Fancily dressed Russian soldiers in space, and apparently only firstborn sons make up the army.
|Death Korps of Krieg. They are all humans. Yes, seriously.|
The grimdark of grimdark. Looking like terrifying Germans from WWI, these masked killers go around killing the enemies of mankind with ruthless efficiency, not caring for their lives. Well, apparently their planet Krieg betrayed the Emperor once, and now they want to make up for it by losing the fear of death and never retreat or surrender. To be honest, I hate them ever since I read Dead Men Walking because they're just so...argh...well, what do you expect, I'm a Ciaphas Cain fan.

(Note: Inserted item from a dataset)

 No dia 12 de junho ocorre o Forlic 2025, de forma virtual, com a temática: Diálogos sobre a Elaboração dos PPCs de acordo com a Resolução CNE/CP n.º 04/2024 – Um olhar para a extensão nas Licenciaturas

|Ciaphas Cain, the most awesome Commissar ever in the Imperium of Man. I'm not kidding.|
My favorite regiment next to Cadians, and my very own Draconian Armored Defense Force. Why? Because Ciaphas Cain has been attached to this iceworlder army almost all his life! They specialize in killing Orks and fighting in ice worlds, the Anarctic counterparts to the Tallarn's desert warfare. Also reminds me of the Soviet army.
Armageddon Steel Legion
Thanks to Commissar Yarrick, they are awesome. They are mechanized assault infantry, and often ride along in Chimeras. They, like the Valhallans, specialize in killing Orks, particularly after that damned Warboss Ghazghkull Mag Uruk Thraka invaded their world twice.
Mordian Iron Guard
Uh, Napoleon? They like their cool uniforms, and are known for discipline and unwavering obedience to orders.

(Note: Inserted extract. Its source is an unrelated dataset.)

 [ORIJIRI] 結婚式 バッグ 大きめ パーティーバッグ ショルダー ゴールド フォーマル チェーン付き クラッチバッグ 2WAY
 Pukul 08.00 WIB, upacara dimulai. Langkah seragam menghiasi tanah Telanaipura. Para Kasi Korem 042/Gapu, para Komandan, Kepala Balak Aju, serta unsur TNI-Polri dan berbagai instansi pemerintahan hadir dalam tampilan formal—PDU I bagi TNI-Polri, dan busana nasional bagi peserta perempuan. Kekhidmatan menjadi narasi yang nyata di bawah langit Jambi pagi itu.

|Ibram Gaunt. Not as awesome as Ciaphas Cain but still a badass in his own right.|
Scottish wannabes with the awesome Ibram Gaunt who has lots of books and novels written about their amazing exploits (still not as awesome as Ciaphas Cain, though). They specialize in scouting and infilitration, plus sniping! I don't think they have tanks.
Elysian Drop Troops
Hell yeah, the British paratroopers! Jump aboard Valkyrie and Vendetta assault carriers, then jump down with parachutes...or in Warhammer 40K, it's grav-chute. Anyway, they specialize in boarding operations, in fact they scuttled a Chaos Hades-class heavy cruiser called Injustice during the twelfth Black Crusade.
Well, that's all folks! Have fun playing with the Imperial Guard! We're not Adeptus Astartes losers who need to steal the credit and hog the glory! We're the Imperial Guad who lay the foundations and sacrifice a ton so that the Imperium can survive! FOR THE EMPEROR!